We shotgun sequenced and compared the human (45,165 bp) and chimpanzee (39,876 bp) LHB/CGB regions and hereby present evidence for structural variation resulting in discordant number of CGB genes (6 in human, 5 in chimpanzee). The scenario of species-specific parallel duplications was supported (i) as the most parsimonious solution requiring the least rearrangement events to explain the interspecies structural differences; (ii) by the phylogenetic trees constructed with fragments of intergenic regions; (iii) by the sequence similarity calculations. Across the orthologous regions of LHB/CGB cluster, substitutions and indels contributed approximately equally to the interspecies divergence and the distribution of nucleotide identity was correlated with the regional repeat content. Intraspecies gene conversion may have shaped the LHB/CGB gene cluster. The substitution divergence (1.8–2.59%) exceeded two-three fold the estimates for single-copy loci and the fraction of transversional mutations was increased compared to the unique sequences (43% versus ~30%). Despite the high sequence identity among LHB/CGB genes, there are signs of functional differentiation among the gene copies. Estimates for dn/dsrate ratio suggested a purifying selection on LHB and CGB8, and a positive evolution of CGB1.

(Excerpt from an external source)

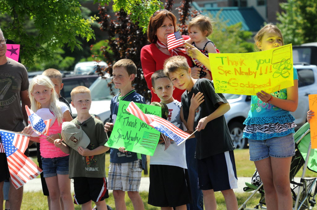 Children and families, some who never knew the soldier, watch as the procession carrying the body of Spc. Nicholas Newby down Ramsey Rd. passes the area of Lake City High School this afternoon on its from the Coeur d’Alene airport to Yates Funeral Home. Newby died in an expolosion in Iraq and his remains were returned for burial. (SR photo: Jesse Tinsley)

If generalized, our data suggests that in addition to species-specific deletions and duplications, parallel duplication events may have contributed to genetic differences separating humans from their closest relatives. Compared to unique genomic segments, duplicated regions are characterized by high divergence promoted by intraspecies gene conversion and species-specific chromosomal rearrangements, including the alterations in gene copy number.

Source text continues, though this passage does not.